More about "Collagen Type III"

Collagen Type III is a critical structural component of the extracellular matrix (ECM), found in a variety of connective tissues like skin, blood vessels, and organs.
This fibrillar collagen plays a pivotal role in tissue development, repair, and homeostasis.
Collagen III, also known as type III collagen, is a member of the collagen family of proteins.
It is often co-expressed with Collagen Type I and is essential for the proper assembly and organization of the ECM.
Alterations in Collagen Type III expression or structure have been implicated in various disease states, including fibrotic disorders, cardiovascular conditions, and wound healing impairments.

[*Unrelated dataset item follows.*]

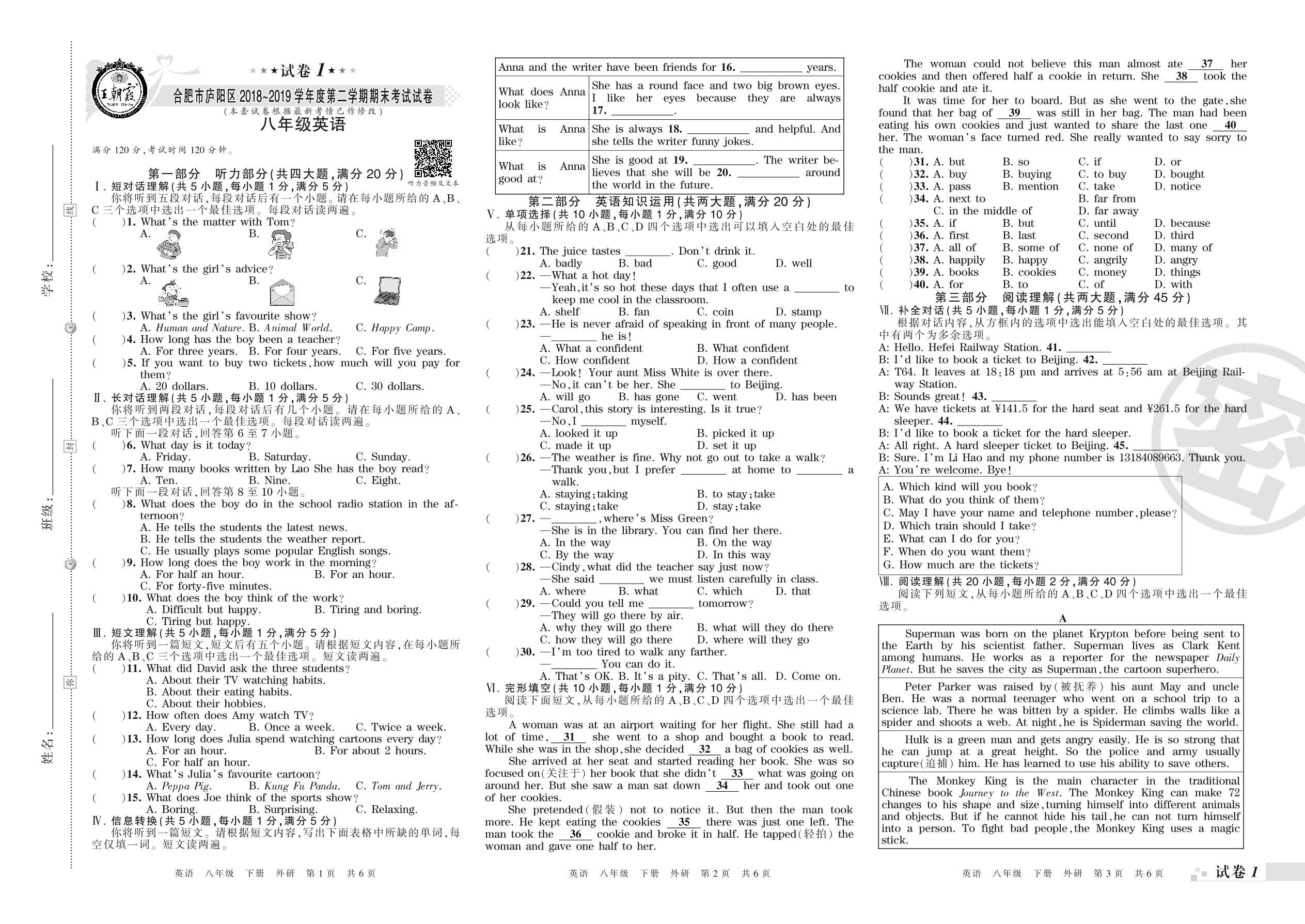 2018-2019学年第二学期合肥市庐阳区八年级英语试卷(外研版)【1】

Researchers studying Collagen Type III can leverage a range of analytical tools and reagents to investigate its expression, localization, and function.
TRIzol reagent, for example, is a common solution used for RNA extraction, which can be useful for quantifying Collagen Type III gene expression using techniques like TaqMan Gene Expression Assays.
Antibodies such as Ab7778 and Ab34710 can be employed for immunohistochemical or Western blot analysis to detect and visualize Collagen Type III protein in biological samples.
Additionally, Triton X-100 and PVDF membranes are often utilized in Western blotting protocols to study Collagen Type III and other ECM components.
The use of Anti-collagen type III antibodies, like Ab6310 and Ab6308, can further enable the identification and characterization of Collagen Type III in various experimental settings.
By harnessing the power of PubCompare.ai's innovative tools, researchers can streamline their investigations on Collagen Type III, locate relevant protocols from literature, preprints, and patents, and leverage AI-driven comparisons to identify the most effective approaches.
This can enhance reproducibility, accuracy, and unlock new insights into this crucial structural protein and its role in tissue biology and disease.